Bir Kent Ormanı Olarak Central Park

Kent ormanları hayatımıza yeni giren bir kavram. Özellikle gelişmekte olan ülkelerde hem insanların hem devletlerin daha hayati sorunları olduğundan ne yazık ki yaşadığımız dünya ve hayat kalitemizle ilgili ihtiyaçlar erteleniyor ya da göz ardı ediliyor.

Bu ihtiyaçlara yönelikmiş gibi yapılan uygulamalarsa, kullanılamayan kısır projeler olarak şehrin gürültüsündeki sessizliğine gömülüyor. Gelişmiş ülkelerde ise durum çok farklı. Kapitalist sistemlerin en bilindik uygulamalarında bile insan ihtiyaçları, yaşadığımız dünya ile özdeşlik her alanda hakim.

Dünyanın en ünlü parkı

Her konuda kıyasıya eleştirilen ama aynı zamanda taklit edilmekten vazgeçilemeyen ABD, hem kapitalizmin hem de kendi doğal kaynaklarını korumanın en çarpıcı örneği. Amerika denilince akla New York, New York denilince de Central Park geliyor. Yüksek katlı ve yüksek teknolojilerle donatılan binalarla çevrilmiş New York, Amerikan rüyasının sembolü, farklılıkların birliktelik oluşturmasının göstergesi. Central Park, New York’un ortasında 3 bin 399 kilometrekare. 1857 yılının başında daha çok Afro-amerikalıların , İngiliz ve İrlandalı göçmenlerin oluşturduğu 1600 kişilik nüfus tahliye edilerek aynı yıl açılmış. Kuzey köşesinde 263 bin metrekarelik bir bataklık kurutulmuş. 1869’da Central Park’a bir kale inşa edilmiş; Belvedere Kalesi. 1985 yılında 49 bölgeye bölünerek restore edilen park, dünyanın en büyük 10 parkından biri ama kuşkusuz dünyanın en ünlü parkı. Yılda 37.5 milyon kişi tarafından ziyaret ediliyor.
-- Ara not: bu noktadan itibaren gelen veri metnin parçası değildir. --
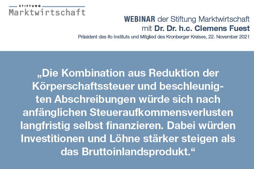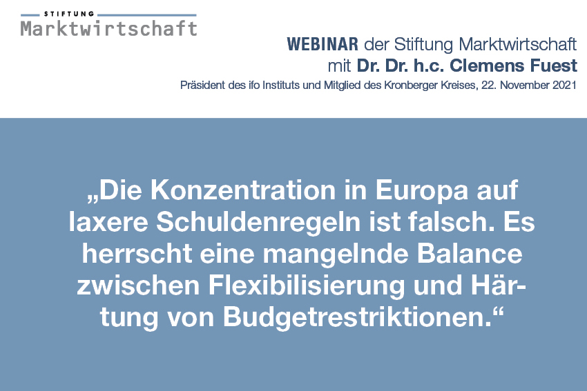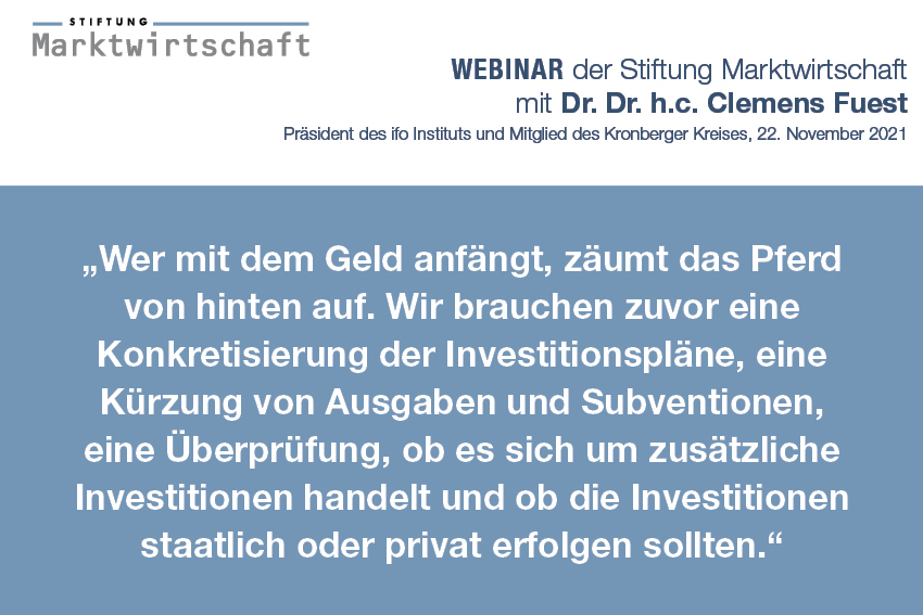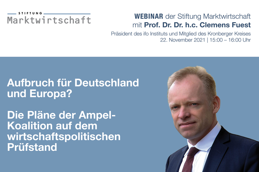 Anlässlich der Koalitionsverhandlungen zwischen SPD, Bündnis 90/Die Grünen und FDP lud die Stiftung Marktwirtschaft zu einem exklusiven Austausch mit dem ifo-Präsidenten Prof. Dr. Dr. h.c. Clemens Fuest, Mitglied des Kronberger Kreises, ein. Im Rahmen des Webinars bewertete Fuest zentrale Bausteine des sich abzeichnenden Koalitionsvertrages und zeigte auf, mit welchen Maßnahmen die neue Bundesregierung die wesentlichen Herausforderungen unserer Zeit bewältigen könnte.
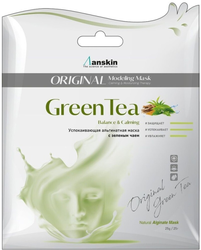 • Альгинатная маска с зелёным чаем Anskin Modeling Mask Green Tea For Balance & Calming — балансирующее и успокаивающее средство, идеально подходящее для ухода за чувствительной, проблемной, тусклой и сухой коже. Сохраняет кожу молодой, с чистым, ясным тоном. Полифенолы зеленого чая оказывают противовоспалительное и антибактериальное действие, предотвращают окисление кожи, улучшают микроциркуляцию крови, снимают отечность.

Parkta botanik bahçelerinden, vahşi yaşam koruma alanlarına, hayvanat bahçesinden buz pateni alanına, yüzme havuzundan amfi tiyatroya, çocuk parkından, kızıl kuyruklu şahin koruma alanına kadar her şey var.

Değeri 529 milyar dolar!

Peki New York belediyesinin hiç mi aklına gelmiyor bu parkın hiç olmazsa bir bölümünü yapılaştırmak? New York’ta konut ya da ofisler çok mu ucuz da gerek duyulmuyor buna? Elbette değil. Miller Samuel’den Jonathan Miller’in nymag.com için yaptığı çalışma gösteriyor ki, Central Park’ın değeri en az 528 milyar 783 milyon 552 bin dolar. Neredeyse 529 milyar dolar! Ancak bu rakam kadar çarpıcı bir çalışma daha var.

Electronic Journal Planning&Markets’in yine 2000’lerin başında yaptığı çalışma bize gösteriyor ki, her ne kadar şehrin özellikle 2010’ların başında para girişine ihtiyacı olsa da arazinin herhangi bir yerine yapılacak bir lüks yatırım bile New York’taki gayrimenkullerin değerini düşürür. New York’un metrekare fiyatlarını yükselten en temel şey, Central Park. Hayatlarını bir gökdelenin birkaç metrekarelik odasında bilgisayar başında geçiren, sosyal hayatlarını web üzerinden kurgulayan bir halk için ne kadar acayip veriler değil mi? Üstelik bu insanlar komşuluk, dostluk gibi kavramları sadece filmlerde izleyebiliyor. Kitaplara, filmlere konu olan bir yalnızlığı var New York halkının. Ama kent parkları var onların, üstelik şehrin bir ucunda değil göbeğinde. Onlar, gelişmiş bir ülkenin insanları.